- Data extract:
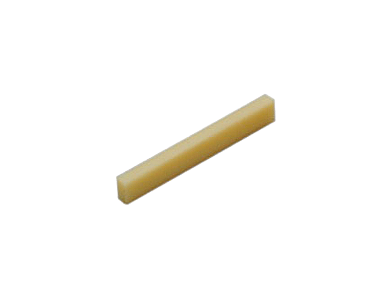 Materiał, surowiec do wykonania siodełka szyjki z kości naturalnej. Ta niebielona kość z argentyńskiej krowy, posiada dużą zawartość tłuszczu, która nadaje jej cętkowany, kremowy kolor przypominający skamieniałą kość słoniową. Doskonały, twardy materiał o świetnych parametrach brzmieniowych i vintageowym wyglądzie.
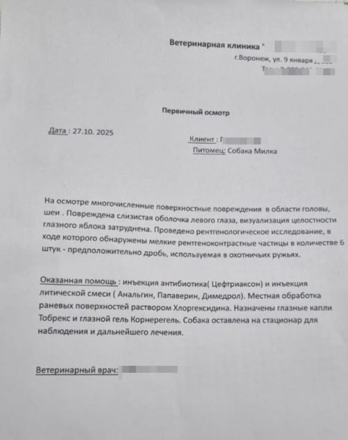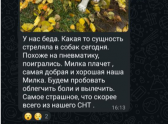 По итогам поездки в клинику стало известно, что неизвестный стрелял из дробовика, вся голова Милки была в мелкой дроби, это показало рентгеновское исследование. Глаз задет, но не выбит, поэтому специалисты не стали его удалять.
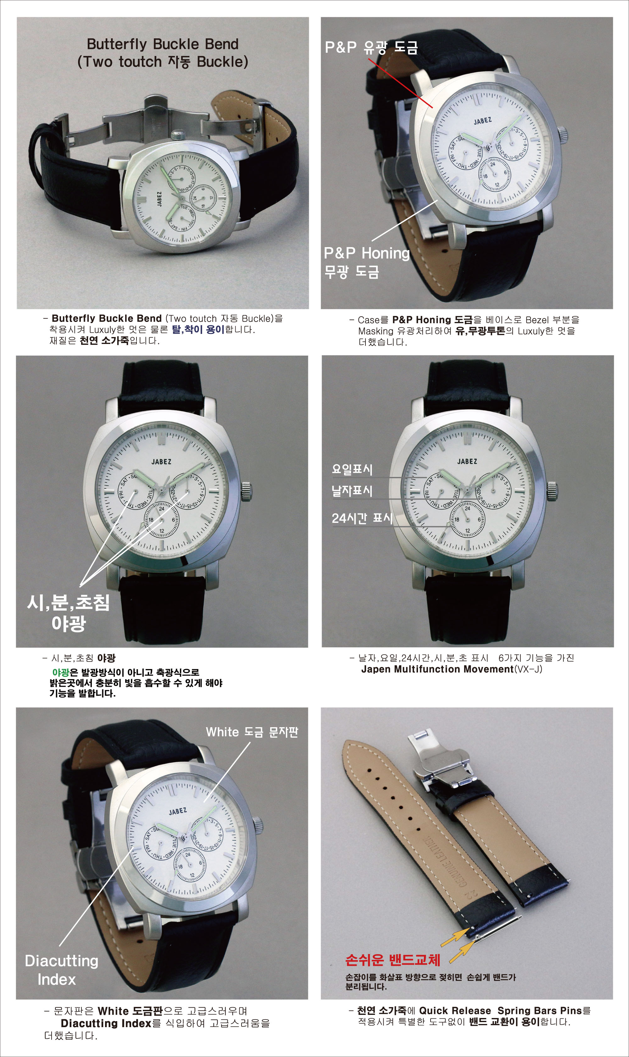 #쉬운밴드교체,#야광시계,#Multi-function Watch,#VX-3j,멀티시계,#유무광 Tow-tone 시계,#천연가죽밴드시계,#날자시계,#요일표시시계,#24시간시계,#크로노그래프시계,#남성정장시계,#남자정장시계,
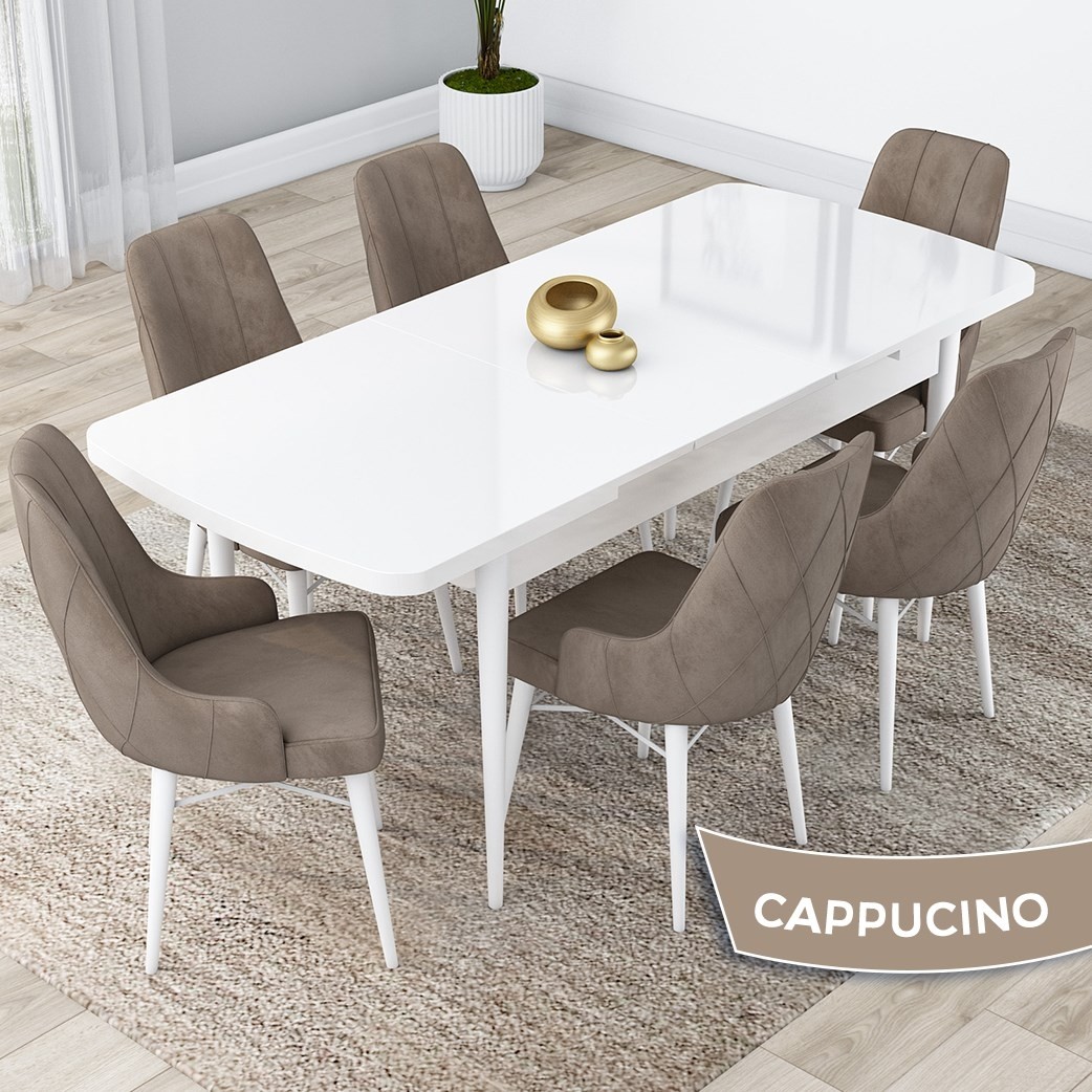 KAR SERİSİ BEYAZ AÇILABİLİR MUTFAK MASASI VE SANDALYE TAKIMI

- Work instructions: Every line from the one with "#쉬운밴드교체,#야광시계,#Multi-function Watch,#VX-3j,멀티시계,#유무광 Tow-tone" through the last line of the material gets printed exactly, and nothing more. Omit the pictures.

- Answer to the problem:
 #쉬운밴드교체,#야광시계,#Multi-function Watch,#VX-3j,멀티시계,#유무광 Tow-tone 시계,#천연가죽밴드시계,#날자시계,#요일표시시계,#24시간시계,#크로노그래프시계,#남성정장시계,#남자정장시계,
 KAR SERİSİ BEYAZ AÇILABİLİR MUTFAK MASASI VE SANDALYE TAKIMI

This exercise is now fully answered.